Anda di halaman 1dari 7

EMAS DAN SEJARAH PERTAMBANGAN EMAS DI INDONESIA

SIFAT EMAS
Emas adalah logam yang berat dengan warna kuning yang khas. Dalam bentuk bubuk,
warnanya coklat kemerahan. Logam ini melebur pada suhu 1064,18 oC. Emas
merupakan logam transisi ( trivalen dan univalen ) yang bersifat lunak dan mudah
ditempa, kekerasannya berkisar antara 2,5 3 ( skala Mohs ). Emas dapat dibentuk jadi
lembaran sedemikian tipis hingga tembus pandang. Sebanyak 120.000 lembar emas
dapat ditempa menjadi satu lapisan yang sedemikian tipisnya sehingga tebalnya tidak
lebih dari 1 cm. Dari 1 gram emas dapat diulur menjadi kawat sepanjang 2,5 km.
Emas mempunyai karakteristik sectile ( lunak, elastis, mudah dibentuk ), memiliki warna
yang menarik ( kuning, mengkilap, tidak mudah memudar ), berat, tahan lama, tahan
pada panas tinggi dan daya konduksi listrik juga sebagai perlawanan terhadap oksidasi
( tahan korosi ) sehingga emas memiliki banyak kegunaan.

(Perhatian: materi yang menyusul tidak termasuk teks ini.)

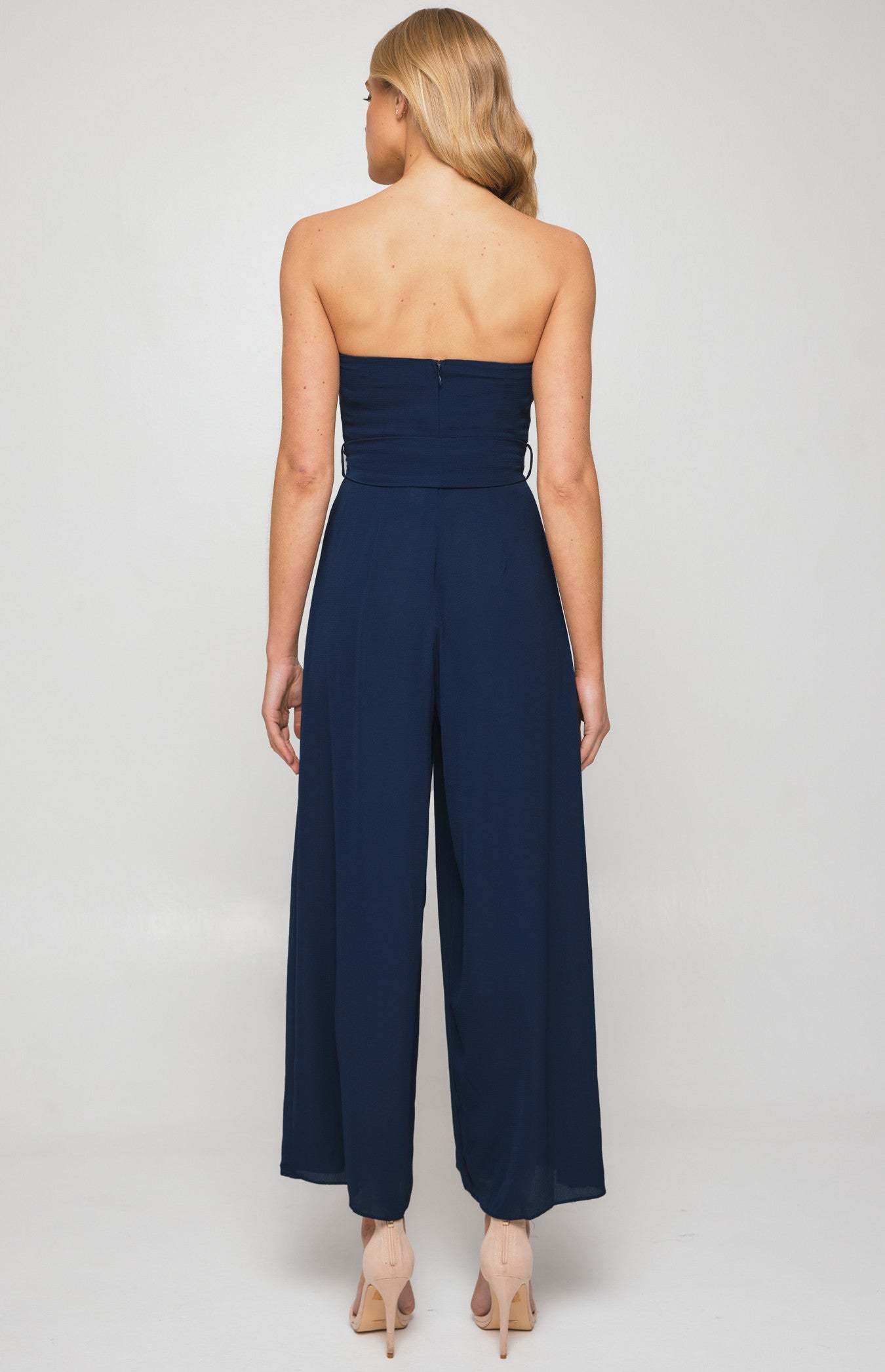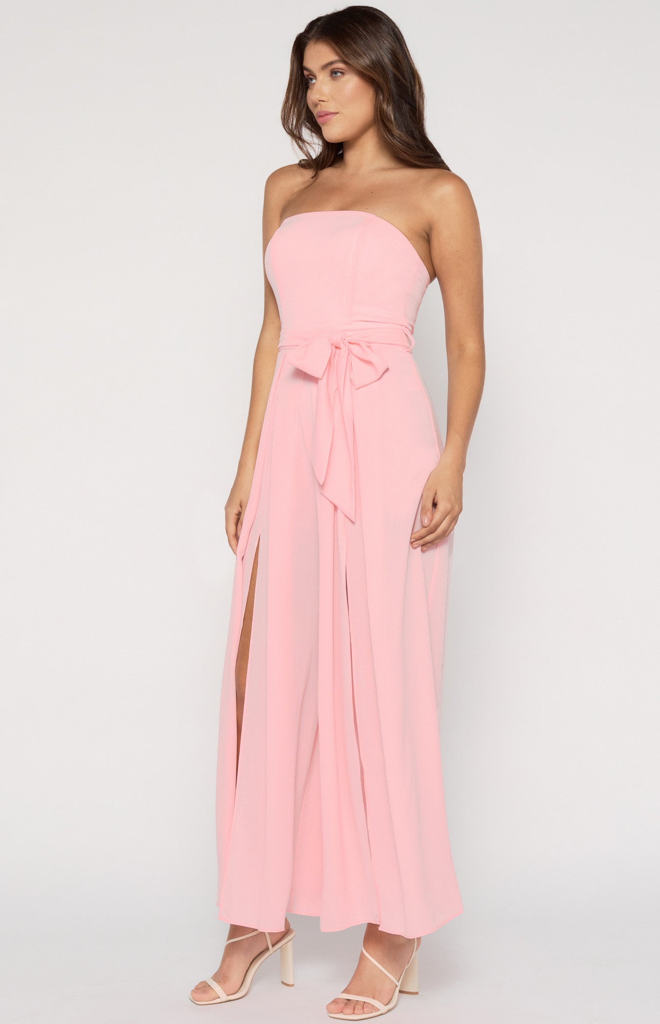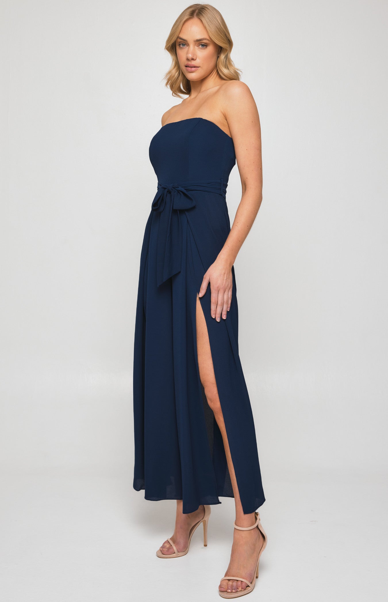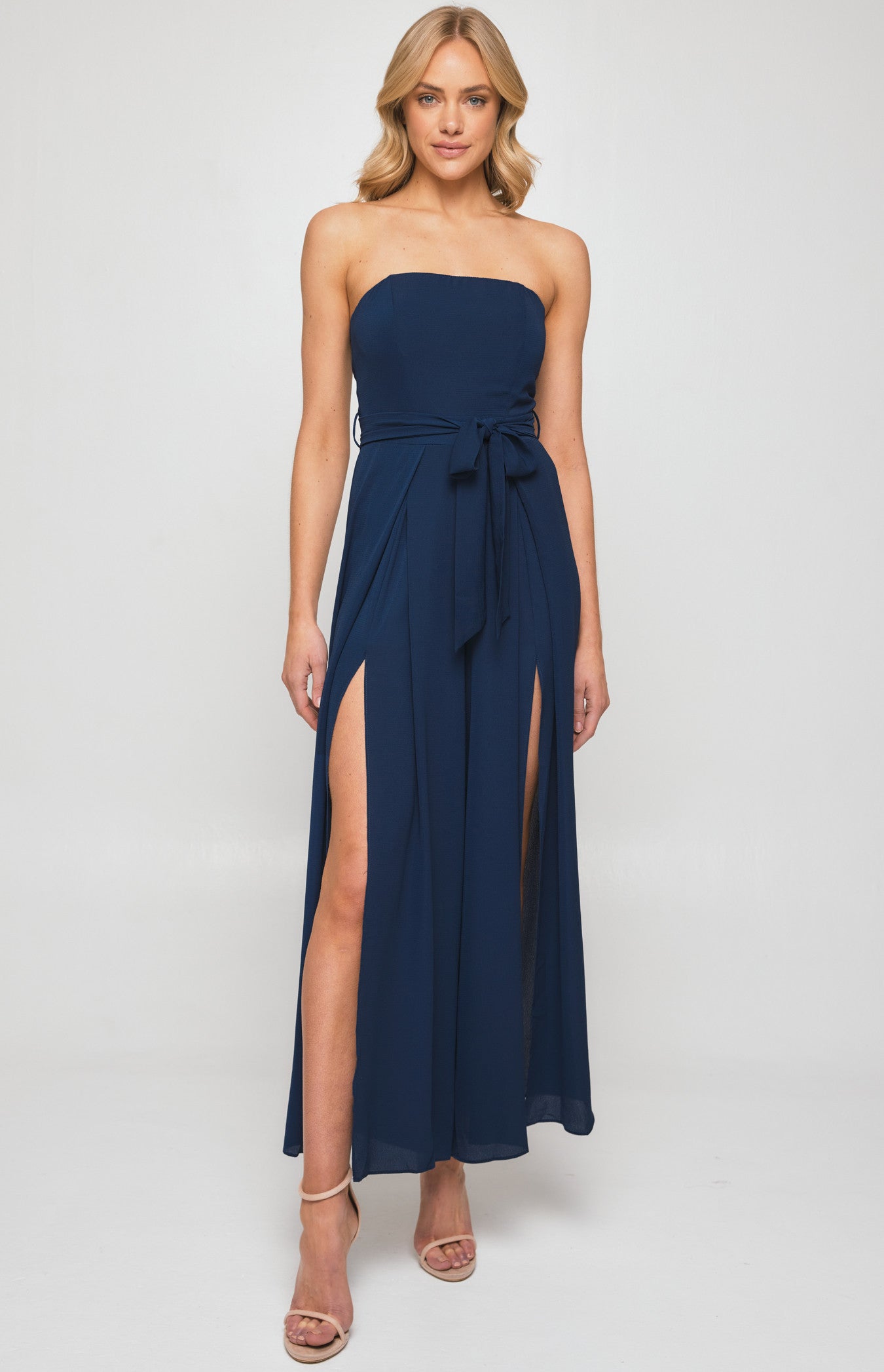 Striking and streamlined, the Split Leg Waist Detail Jumpsuit is made for modern statement dressing. Designed with a flattering fitted bodice, this jumpsuit features dramatic split-leg details that create flow and movement, while the cinched waistline enhances your silhouette. Sleek and minimal, it’s a standout choice for formal occasions, evenings out, or elevated event wear.

Namun karena emas
sebagai salah satu logam coinage yang keberadaannya di alam sangat langka,
menjadikannya sebagai logam yang sangat berharga.

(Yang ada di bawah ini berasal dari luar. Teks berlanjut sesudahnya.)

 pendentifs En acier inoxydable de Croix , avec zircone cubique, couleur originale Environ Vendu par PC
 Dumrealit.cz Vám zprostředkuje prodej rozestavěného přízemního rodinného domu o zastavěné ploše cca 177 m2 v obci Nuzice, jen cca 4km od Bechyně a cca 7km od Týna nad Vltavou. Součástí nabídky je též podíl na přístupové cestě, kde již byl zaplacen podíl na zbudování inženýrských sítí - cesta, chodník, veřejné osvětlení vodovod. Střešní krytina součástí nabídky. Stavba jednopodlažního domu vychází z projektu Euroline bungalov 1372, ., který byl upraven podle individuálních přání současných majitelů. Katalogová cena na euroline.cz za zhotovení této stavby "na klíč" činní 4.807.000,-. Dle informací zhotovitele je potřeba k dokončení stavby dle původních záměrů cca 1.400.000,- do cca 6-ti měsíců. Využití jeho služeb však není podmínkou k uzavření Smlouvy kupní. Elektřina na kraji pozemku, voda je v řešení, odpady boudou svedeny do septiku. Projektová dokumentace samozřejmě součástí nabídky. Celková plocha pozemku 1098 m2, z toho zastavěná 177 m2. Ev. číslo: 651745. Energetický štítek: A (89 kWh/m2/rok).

Emas memberikan sumbangan yang amat besar bagi kehidupan manusia seperti,
untuk perhiasan, peralatan elektronik, kedokteran gigi, uang, medali, dll. Sekitar 65
persen dari emas diolah digunakan dalam industri seni, terutama untuk membuat
perhiasan. Selain perhiasan, emas juga digunakan di peralatan listrik, elektronik, dan
industri keramik. Industri aplikasi ini telah berkembang dalam beberapa tahun dan kini
menempati sekitar 25 persen dari pasar emas.
Dalam perdagangan emas, ukuran berat biasanya dipakai troy ouns, kemurnian emas
murnidalam karat ditunjukan angka 24 atau dalam kehalusan ditunjukkan angka 1.000.
Karena emas merupakan logam yang relatif lunak ( sectile ) menjadi satu halangan
untuk digunakan dalam industri. Untuk mengatasi kelemahan ini, emas biasanya
dipadukan dengan logam lain ( alloy ) seperti perak, tembaga, platinum, atau
nikel. Emas putih adalah alloy emas dengan platinum, iridium, nikel, atau zink. Alloy
emas dengan tembaga berwarna merah atau kuning. Alloy emas dengan besi berwarna
hijau, dan alloy emas dengan aluminum berwarna ungu. Bagian emas yang terdapat
dalam campuran diukur dalam karat atau persen. Karat adalah unit sama dengan 1 / 24
bagian dari emas murni dalam alloy. Dengan demikian, emas 24 Karat ( 24K ) adalah
emas murni, sedangkan emas 18 Karat adalah 18 bagian emas murni dan 6 bagian
logam lainnya, jadi emas 18 karat 18/24 berarti emas 75 %.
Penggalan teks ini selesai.